Explore all the evidence-based tools available to you: therapy, medication, exercise, and support groups. Stigma around each of these is flat out stupid. All can be effective.
7. Try to accept what you’re going through.
I know, at first the word “acceptance” sounds crazy. But anxiety, depression, and OCD resist control. Acceptance isn’t passive resignation—it’s acknowledging what’s happening, taking skillful action, and letting it move through you. One of the biggest paradoxes of anxiety, depression, and OCD is that obviously you want to try to make what you’re feeling go away, but if you try hard, the feelings just get sticker.
8. People want to help, and yet they may not understand.
Don’t hold it against them. I used to think depression was like sadness and anxiety was like worry. It wasn’t until I experienced these things firsthand that I realized they are in a different universe. Keep being vulnerable. It will help you find others who have undergone similar experiences. Lean on these people.
9. Just Hold On.
It takes time for therapy to work. It takes time for medication to work. It takes time for the seasons to change. What feels like forever now won’t in the future. Keep trudging on.
Mental illness does not make you less of a person. It does not take away from your accomplishments or expertise. It does not make you permanently weak or broken.
You Aren’t Alone
Part of why I share my story is simple: maybe it helps someone feel a little less alone.
The hardest parts of depression, anxiety, and OCD? How time seems to freeze, and how isolated you feel. Both are tricks of the mind—hallmarks of the conditions. But what feels endless isn’t. And however alone you may feel, you aren’t. People have gone through something similar. People are going through something similar. People will go through something similar.

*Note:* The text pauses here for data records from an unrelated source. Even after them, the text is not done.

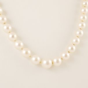 Collier de perles de culture légèrement en chute (Diamètre : de 5,3 mm à 8,6 mm environ). Fermoir et chaîne de sécurité en or 750 mil. (Longueur : 60 cm) (usures). 34,9 g. brut.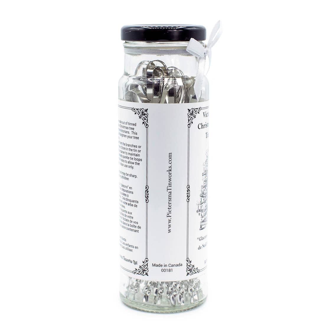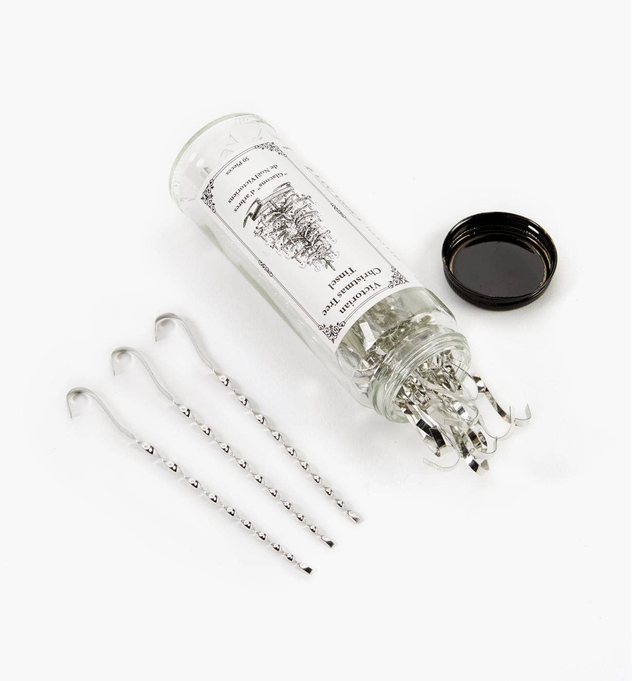 This timeless decoration adds a finishing touch to any tree. Each tube contains 50 pieces of five-and-a-half-inch long Victorian-style tinsel. We craft the tinsel from USA-made tin-plated steel at our small shop in Lancaster, Ontario, Canada. It created a stiff, icicle-like ornament that catches the light.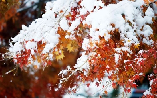 단풍이 채 떨어지기도 전에 눈이 내렸다. 단풍이 게으른 걸까, 눈이 급한 걸까(여의도 국회에서).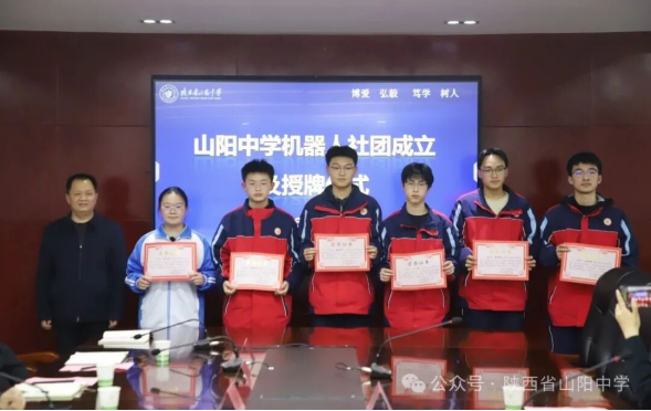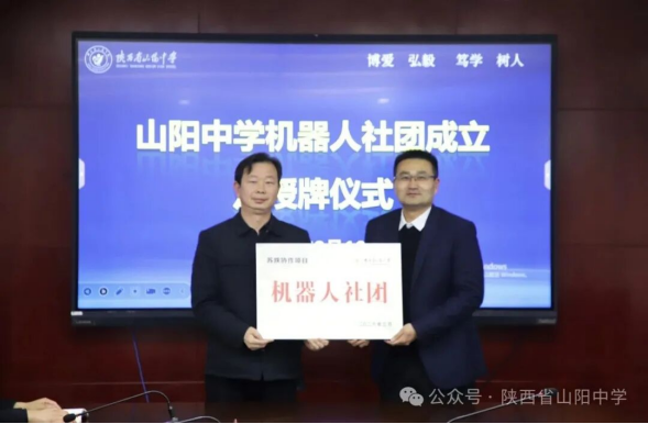 科技点燃梦想,创新成就未来。为充分发挥捐赠设备价值,培养学生科创素养,山阳中学首届机器人社团正式成立。副校长苏汉民为社团授牌,标志着我校科创教育体系再添新阵地,学生多元发展平台进一步完善。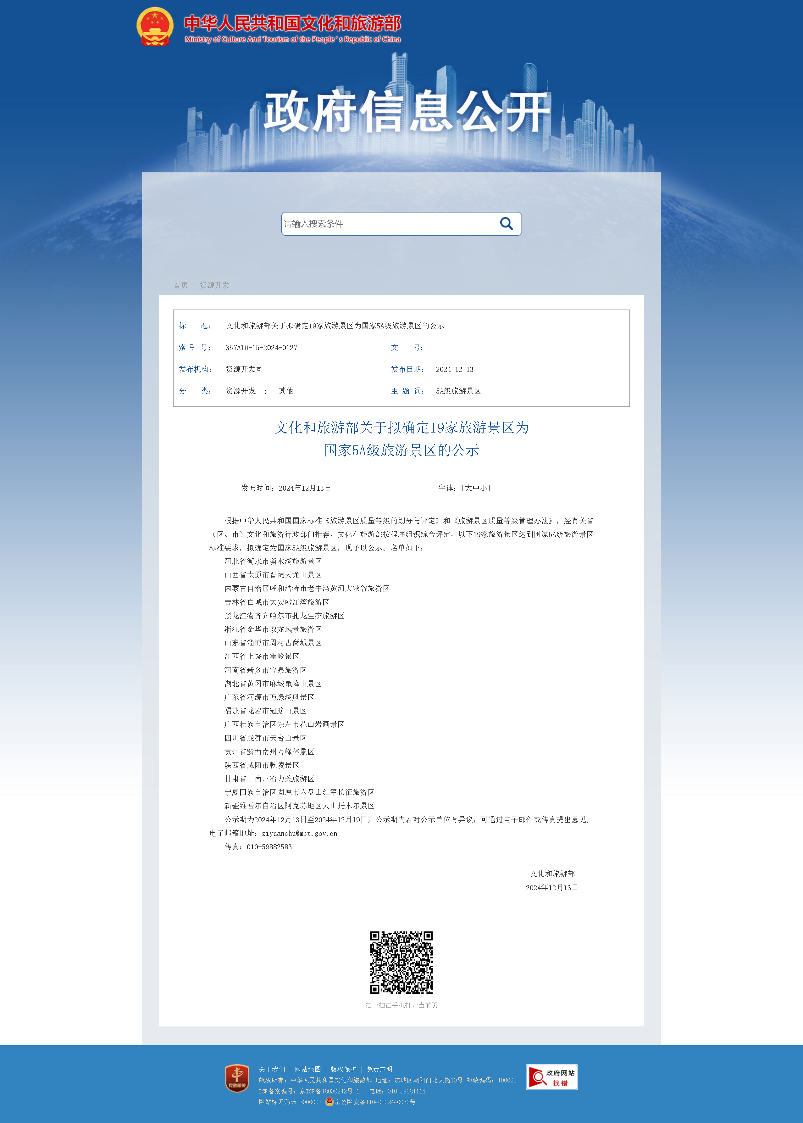 文旅部網(wǎng)站12月13日消息,文化和旅游部發(fā)布關(guān)于擬確定19家旅游景區(qū)為國(guó)家5A級(jí)旅游景區(qū)的公示:

The word "compassion" comes from co (with) and passio (to suffer). Compassion means to suffer with. Mental illness is brutal. I wouldn’t wish it on anyone. But if there’s any consolation, maybe it’s that it deepens our compassion—for others, and hopefully for ourselves.
Perhaps the most important thing I’ve learned: if you are struggling with mental illness, there is no need to be ashamed or embarrassed, no need to keep it to yourself. Talking to others who have had similar experiences can help. Therapy can help. Medication can help.
If you or a loved one is in any kind of deep hole, please seek out the support you need, especially from trained professionals.
(You can talk to someone right now at the Suicide and Crisis Lifeline by dialing 988.)
I know it may feel harder than there are words to describe. Even though it may seem impossible, it can get better. Keep going. ❤️



Brad, thank you for taking the time to post this. It’s just what I needed to know and be reminded of on a Saturday morning.
I’ve been feeling really down for months, and although the reasons: welcoming our third, beautiful baby girl into the world last year (no sleep), knee surgery (no exercise) a job I’ve outgrown long ago ( little mental stimulation) and while being stuck with all of these causal factors for the foreseeable future made sense, the brain would still take me down dark paths. Late 40s male with his best days behind him, etc.
the same brain that see the rut clearly , can’t find my way out of it at times and often compounds issues.
Glad to know I’m not alone. We get through together. I’ll see the sunshine again, and commit to persevere until I do.
The loneliness is the part of anxiety and depression that is often misunderstood. You know intellectually that you are experiencing something that millions have experienced before you and are currently experiencing, but when you’re in the thick of it, it feels like you’re the only person in the world feeling the way you are right now. You look around at everyone else and think to yourself that it’s unfair that their lives look so perfect, but you’re suffering. Why can’t you get past this anxiety? Why are you the one cursed with this?
It is only through ACT that I’ve finally started to see some sunlight after three years of struggle. For all of you out there going through it, hang in there. You are not alone.